[INPUT DATA]

******

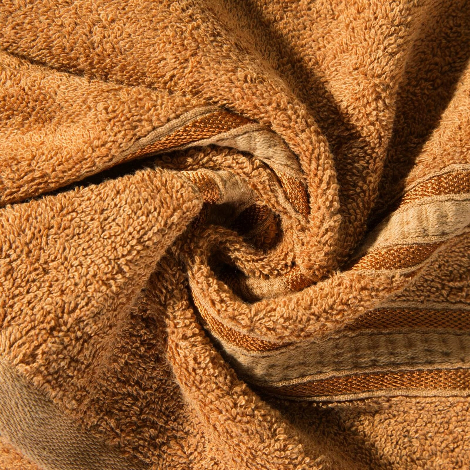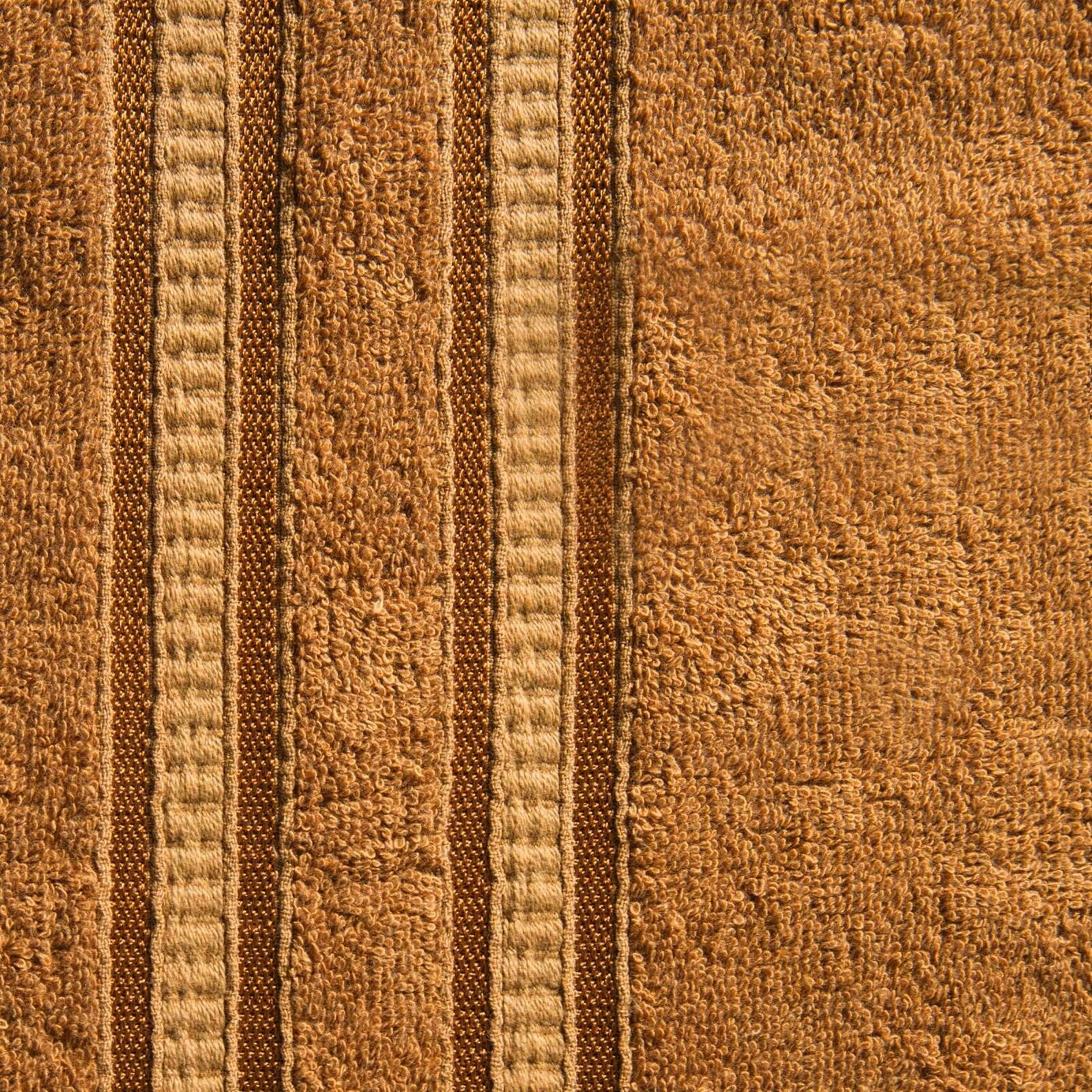 Ręcznik bawełniany z ozdobną bordiurą szerokość: 70 cm, długość: 140 cm, kolor: brązowy, Gramatura: 500 GSM, Skład: 100% wiskoza z włókna bambusowego; część ozdobna: 100% bawełna
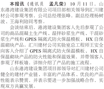 山東港灣建設(shè)集團(tuán)到匯川建材公司考察
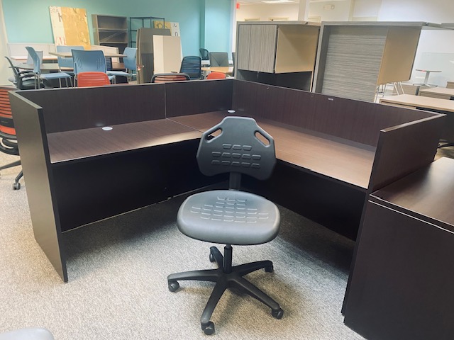 Furniture image Used Black Armless Task Chair & Mahogany Finish L-Shaped Desk New or Used Used Furniture Category: Task chairs
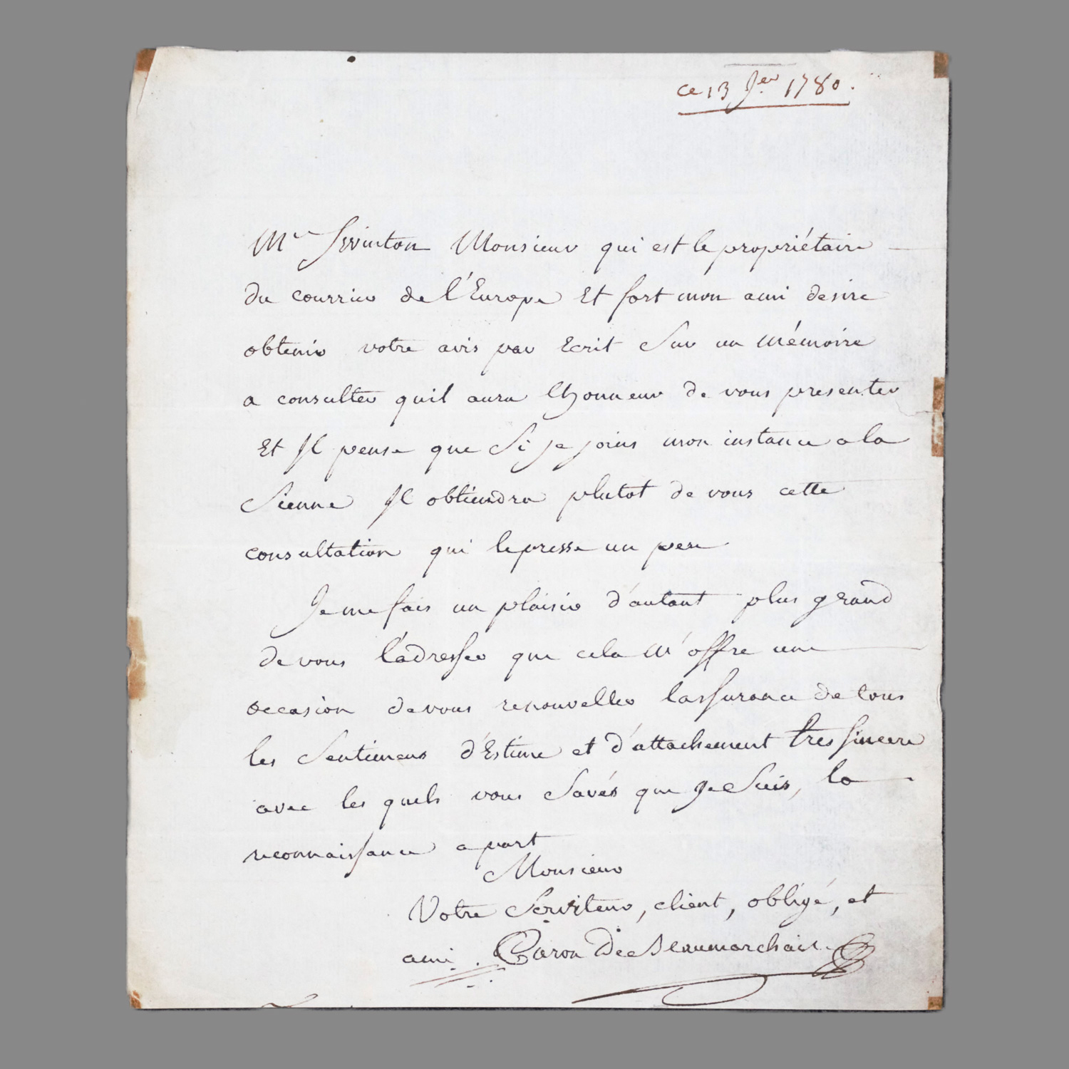 Wohl an einen Redakteur. Beaumarchais schreibt im Auftrag des Londoner Publizisten Samuel Swinton, Herausgeber des "Courrier de l'Europe" (erschienen von 1776 bis 1792). Swinton als Beaumarchais' "ami désire obtenir votre avis par Ecrit sur un mémoire à consulter qu'il aura l'honneur de vous presenter et Il pense que si je joins mon instance à la Sienne Il obtiendra plutôt de vous cette consultation qui le presse un peu ...". Er, Beaumarchais, freue sich, auf diese Weise den Kontakt zu dem Adressaten erneuern zu können. - Am unteren Rand knapp beschnitten; 1 kleiner Einriss.

******

[EXERCISE OBJECTIVE] Would you retype all the material above exactly, apart from its pictures?

[PROBLEM SOLUTION]
 Ręcznik bawełniany z ozdobną bordiurą szerokość: 70 cm, długość: 140 cm, kolor: brązowy, Gramatura: 500 GSM, Skład: 100% wiskoza z włókna bambusowego; część ozdobna: 100% bawełna
 山東港灣建設(shè)集團(tuán)到匯川建材公司考察
 Furniture image Used Black Armless Task Chair & Mahogany Finish L-Shaped Desk New or Used Used Furniture Category: Task chairs
 Wohl an einen Redakteur. Beaumarchais schreibt im Auftrag des Londoner Publizisten Samuel Swinton, Herausgeber des "Courrier de l'Europe" (erschienen von 1776 bis 1792). Swinton als Beaumarchais' "ami désire obtenir votre avis par Ecrit sur un mémoire à consulter qu'il aura l'honneur de vous presenter et Il pense que si je joins mon instance à la Sienne Il obtiendra plutôt de vous cette consultation qui le presse un peu ...". Er, Beaumarchais, freue sich, auf diese Weise den Kontakt zu dem Adressaten erneuern zu können. - Am unteren Rand knapp beschnitten; 1 kleiner Einriss.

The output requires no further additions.